Last November, Portland voters passed a ballot measure to created Portland Clean Energy Fund (PCEF). On Thursday, the Portland City Council voted the fund into official city code.

The PCEF establishes a one percent business tax on companies that annually make over a billion dollars nationally, and more than $500,000 locally. That money will be used for environmentally-friendly job creation and sustainable building projects that will benefit low-income people and people of color. It passed with 65 percent of the vote in last year’s election.

The measure was supported by a broad coalition of groups, including the Portland chapter of the NAACP, the Sierra Club, Coalition of Communities of Color, and others.

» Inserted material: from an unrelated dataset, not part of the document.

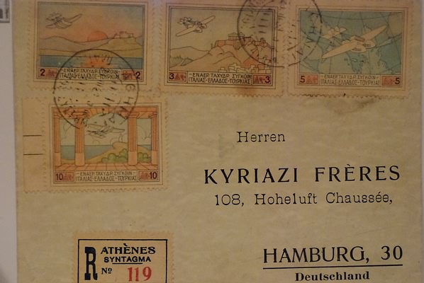 GRECIA - 1933, Posta aerea, aerogramma da Atene per Amburgo, 29/3/33, affrancato con la serie cpl. (A.1/4) + 2 complementari al verso.(LETTERA)

As president of the Portland NAACP in the run-up to the 2018 election, Commissioner Jo Ann Hardesty championed the ballot measure.

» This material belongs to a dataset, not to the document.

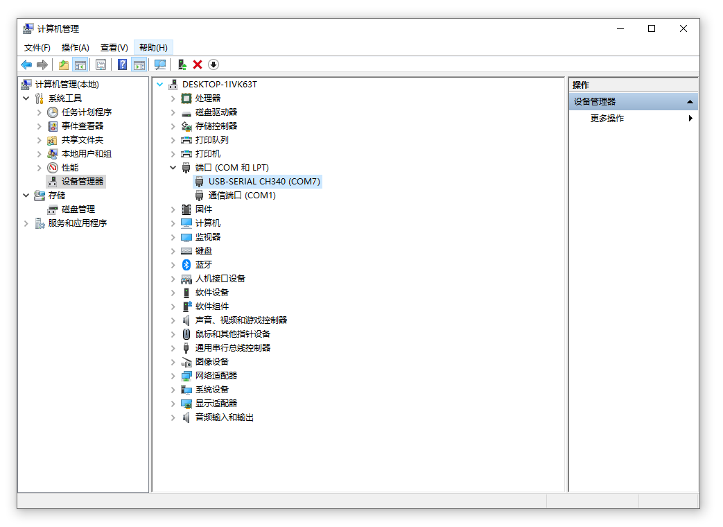 串口被Windows正确识别后,通过设备管理器会查询到具体的串口号(如COM12),如下所示。

“What we did was something that I’ve never seen happen before in Portland, and certainly not in Oregon,” Hardesty said at Thursday’s meeting, noting the diverse base of support the PCEF has. “And quite frankly, I don’t think we’ve seen it anywhere else.”

By passing two PCEF ordinances, the city council set the wheels in motion to hire four Bureau of Planning and Sustainability (BPS) staffers to oversee the fund, and to establish and nine-person PCEF grant committee.

According to Damon Motz-Storey, a spokesperson for the coalition behind the PCEF, there aren’t any other programs like it that he knows of in the US—ones that marry sustainability, corporate responsibility and equity like the PCEF does—though it’s similar to a national Green New Deal sponsored by Rep Alexandria Ocasio-Cortez.

“We don’t really have any models to be basing our program off of, and that’s kind of exciting,” he told the Mercury. “This is potentially going to be a blueprint for other cities to adopt similar strategies. … That’s definitely on the forefront of our minds right now.”

The PCEF grant committee will be responsible for allocating the funds, which PCEF backers say will equal at least $30 million a year. It will include nine Portland residents, at least two of whom will need to live east of 82nd Ave to ensure geographic diversity. Applicants’ racial and socio-economic backgrounds will also be considered.

Corporations have a grace period this year while the fund is established, but Motz-Storey said they hope to open grant applications to organizations in early 2020.

This year's plan for the PCEF? "Have conversations in the city with groups that have never engaged in clean energy," says Motz-Storey, "and start having conversations with people asking, 'What are ways that your community could really benefit from this?'"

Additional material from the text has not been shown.